Maria
Antfolk
*a,
Christian
Antfolk
a,
Hans
Lilja
bcd,
Thomas
Laurell
a and
Per
Augustsson
*ae
aDepartment of Biomedical Engineering, Lund University, Box 118, SE-221 00 Lund, Sweden. E-mail: maria.antfolk@bme.lth.se; per.augustsson@bme.lth.se
bDepartments of Laboratory Medicine, Surgery, and Medicine, Memorial Sloan Kettering Cancer Center, 1275 York Avenue, New York, NY 10065, USA
cNuffield Department of Surgical Sciences, University of Oxford, Oxford, OX3 7DQ, UK
dDepartment of Translational Medicine, Lund University, SE-205 02 Malmö, Sweden
eDepartment of Electrical Engineering and Computer Science, Massachusetts Institute of Technology, Cambridge, MA, USA
First published on 23rd March 2015
Metastatic disease is responsible for most cancer deaths, and hematogenous spread through circulating tumor cells (CTC) is a prerequisite for tumor dissemination. CTCs may undergo epithelial–mesenchymal transition where many epithelial cell characteristics are lost. Therefore, CTC isolation systems relying on epithelial cell markers are at risk of losing important subpopulations of cells. Here, a simple acoustophoresis-based cell separation instrument is presented. Cells are uniquely separated while maintained in their initial suspending medium, thus eliminating the need for a secondary cell-free medium to hydrodynamically pre-position them before the separation. When characterizing the system using polystyrene particles, 99.6 ± 0.2% of 7 μm diameter particles were collected through one outlet while 98.8 ± 0.5% of 5 μm particles were recovered through a second outlet. Prostate cancer cells (DU145) spiked into blood were enriched from white blood cells at a sample flow rate of 100 μL min−1 providing 86.5 ± 6.7% recovery of the cancer cells with 1.1 ± 0.2% contamination of white blood cells. By increasing the acoustic intensity a recovery of 94.8 ± 2.8% of cancer cells was achieved with 2.2 ± 0.6% contamination of white blood cells. The single inlet approach makes this instrument insensitive to acoustic impedance mismatch; a phenomenon reported to importantly affect accuracy in multi-laminar flow stream acoustophoresis. It also offers a possibility of concentrating the recovered cells in the chip, as opposed to systems relying on hydrodynamic pre-positioning which commonly dilute the target cells.

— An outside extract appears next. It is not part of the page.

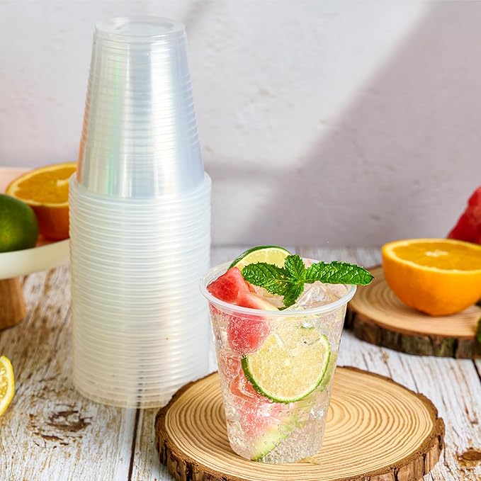 Turbo Bee 1000 Pack 12oz Plastic Cups,Disposable Clear Drinking Cups,Hot and Cold Drink Container for Water, Juice, Soda,Coffee

Microfluidic technology offers a large number of cell separation principles, all relying on the deterministic behavior of laminar flow.8–11 Since the dimensions of microchannels match the length scales of cells, microfluidics has the potential to contribute to cell separation by the ability to accurately control the position of the cells within the channels.12 Microfluidic systems also offer potential for lower sample and reagent consumption.13 To date, many microfluidic separators process cells by moving them from one laminar flow stream into a second with cell-free medium, as originally presented by Giddings.14 This can be beneficial, for example when processing crude samples that need to be washed.15–18 Multiple laminar flow streams are also used in cell separation to hydrodynamically pre-position the cells in the channel to increase resolution19,20 or as part of the separation mechanism itself.21,22 However, in many applications the inclusion of several laminar flow streams complicates the fluidic system of the chip, involving extra inlets, outlets and pumps, and an increased need for flow control. Furthermore, hydrodynamic pre-positioning of cells leads to high flow velocities in the separation channel, which is often a major limiting factor in terms of throughput and detector accuracy. Assuming that the separation channel is run at its limiting flow velocity, the sample volume throughput can be increased by replacing the hydrodynamic pre-positioning with an external field acting directly on the cells.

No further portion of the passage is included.